Deals, deals, deals. Studio people still "give good phone" here, still "take a meeting." On San Vicente Boulevard there is a shop called A Definite Maybe Boutique. That is studio talk. A producer and scriptwriter who has had some success calls it "the coldest town in the country, run by some of the dumbest rich men in the world." He stays, he says, "for the money, obviously." Screenwriters have always bitched; this cliche is true. And yet there are certain circles in which it seems that everyone is writing a screenplay. One Eastern writer who is accustomed to working for "nickels and dimes," as he puts it, was hired for ten days' work on a remake of a movie the studio in the end decided not to remake. Nonetheless, he was paid $50,000 and is still in a daze. People say, "Let's have lunch" all over town, with no more sincerity than you get in a form letter.

"I do not mean to say that everybody in Southern California is rich," said Charles Dudley Warner in 1888, "but everybody expects to be rich tomorrow."

At any number of intersections along about dawn nearly every day, a knot of Mexicans forms. They are in the country illegally and, to them, getting rich tomorrow means hooking a job for as much as 20 bucks. Locally these pockets are called "slave markets." You want your lawn mowed, some boscage trimmed; you drive by, wave a bill, they hop in. They are industrious, trustworthy, and at night they melt back into an area known to all as East Los Angeles, although it is an area much larger than the 7.4 sq. mi. the city defines as East Los Angeles. It is "where the Mexicans live."

"It is O.K., but I miss my family," a young laborer on Olympic Boulevard said the other morning. In his village he has a wife, three children, a mother and an invalid sister he supports. With the money he earns in construction work or cutting lawns, his family gets along well at home, but would be terribly poor in East Los Angeles. So he works for two months, goes home for a month and returns. The loneliness is the only thing that gets him down.

At a bar in Marina del Rey, home to 10,000 pleasure craft, a young single man was smitten by a young single woman. His occupation: photographer. Her occupation: secretary-actress. Several rounds of tequila preceded her confession that she liked to get "a little kinky" sometimes. The photographer had no personal experience with kinkiness but lied that he had. At her apartment, she suggested that she get undressed and that he tie her up and take some pictures.

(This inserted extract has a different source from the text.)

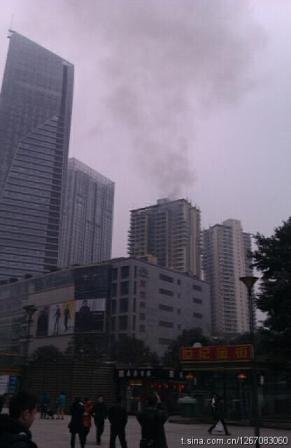 觀音橋某大廈起火,冒起濃煙。 網(wǎng)友供圖 來源:華龍網(wǎng)

He trussed her and then remembered his cameras were in the trunk of his car. He went for the equipment, returned to the maze of apartments all looking alike and realized he did not know her floor, much less her apartment number. He left and for months avoided the area.

One night he saw her in a restaurant, and she recognized him. He walked over to apologize and explain, but before he could say a word, she shouted happily, "Kin-keeeee!"

Los Angeles: 48,000 palm trees; 16,732 registered poodles; 3,672 traffic lights; 46,000 acres still in cropland. Everything seems larger in Los Angeles. It is the biggest fishing port in America. It leads the U.S. in per capita sales of bottled water. The cities of Washington, Detroit, Denver, Boston, Milwaukee, Cleveland, Philadelphia and Providence combined would fit within the boundaries of the Los Angeles Unified School District.

It is a city of such glorious materialistic consumption that some first-time visitors are stunned. For instance, in 1963 a young actor named William Campbell met and fell in love with a Yugoslav sociologist while he was in Yugoslavia making a film. He married the woman. Tereza Campbell picks up the story today: "We were flying into L.A., me for the first time. Our song at that time was the one that went, 'Take my hand, I'm a stranger in paradise.' We were humming it, holding hands, and I looked down and saw all these beautiful blue spots. I asked Bill what they were, and he said, 'Swimming pools.' "I was impressed. In all Belgrade we only had two--and one belonged to Tito."